IV Potrzebuje czegoś do...
To też częsty widok na forach i sprowadza się do napisanego przez mnie zdania "Musisz mieć przynajmniej zielone pojęcie o tym czego szukasz". Szukając programu o określonej funkcjonalności dobrze znać grupę do której należy. Przykład dla lepszego zrozumienia ostatnich 2 zdań, wraz z linkami do googla:
Potrzebuję czegoś do...
...do pisania tekstów, listów, prac domowych, z dużą ilością funkcji ułatwiających pracę.
Potrzebujesz procesora tekstu.
W chwili kiedy piszę ten wpis, pierwszym wynikiem dla "procesor tekstu" jest definicja na wikipedii. Ale cóż to, na samym końcu artykułu mamy "zobacz też" a tam parę linków, w tym do różnych procesorów tekstu. Po nitce do kłębka.
Oczywiście typów programów jest milion pięćset dwa dziewięćset i nie mam zamiaru tu każdego opisywać. Dobrym pomysłem jest po prostu zapytanie "programy" gdzie znajdziemy mnóstwo linków do stron z darmowym (free/sharewere, open source) oprogramowaniem, podzielonym na kategorie.

V Na zakończenie
Jeżeli kiedykolwiek myślałeś, że znalezienie czegoś to chwileczka, że za 2 minutki będziesz miał gotowe rozwiązanie albo wypracowanie to bardzo się myliłeś. Aby osiągnąć taki poziom, trzeba wiedzieć jak i czego szukać. Wszystko to co tu opisałem, to moje własne doświadczenie z googlem.

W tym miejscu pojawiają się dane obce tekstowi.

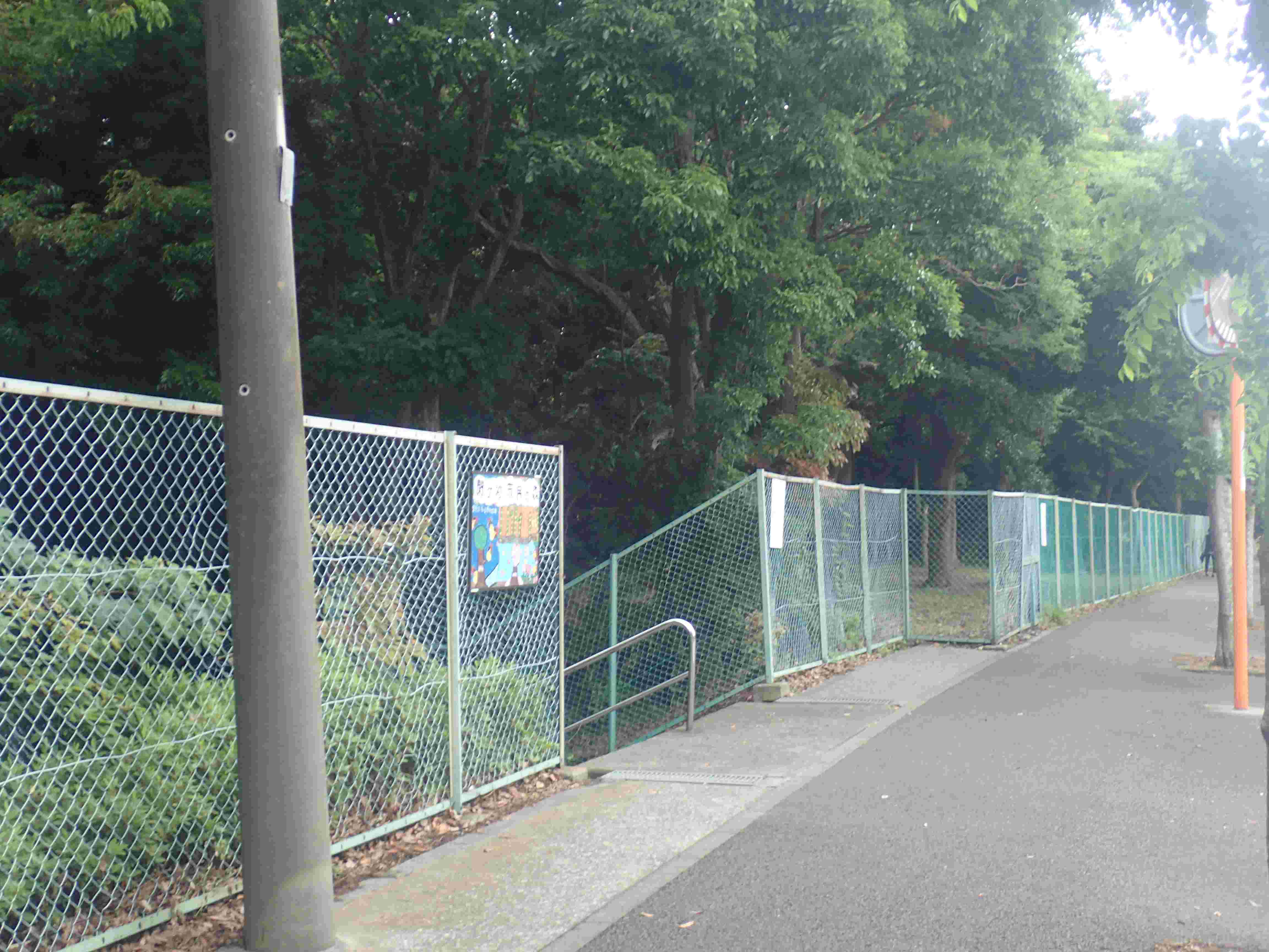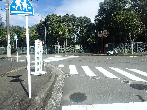 降車して左に進むと大学正門があります。その向かいのフェンスに2つのカーブミラーと入口の案内板があります。

Mimo wszystko zdarza się iż spędzam kilka godzin nad znalezieniem rozwiązania problemu. Oczywiście samo rozwiązanie to kilka minut roboty, ale to już złośliwość rzeczy martwych. Nie należy się poddawać, nawet jeżeli po dniu poszukiwań nie wpadło absolutnie nic ciekawego to i tak jesteś bogatszy o całą wiedze jaką udało ci się zebrać. Na pewno znalazło się coś, co choć zahacza o poszukiwania, coś do czego będzie można dać link na forum i udowodnić że się szukało. Internet wbrew pozorom pełen jest ludzi chętnych do pomocy, ale niechętnych rozwiązywaniu twoich problemów za ciebie. Przedstawiając swoje wyniki poszukiwań ułatwiasz innym przeszukiwanie infostrady. Wiedzą czego mają nie szukać i łatwiej im będzie pomóc tobie.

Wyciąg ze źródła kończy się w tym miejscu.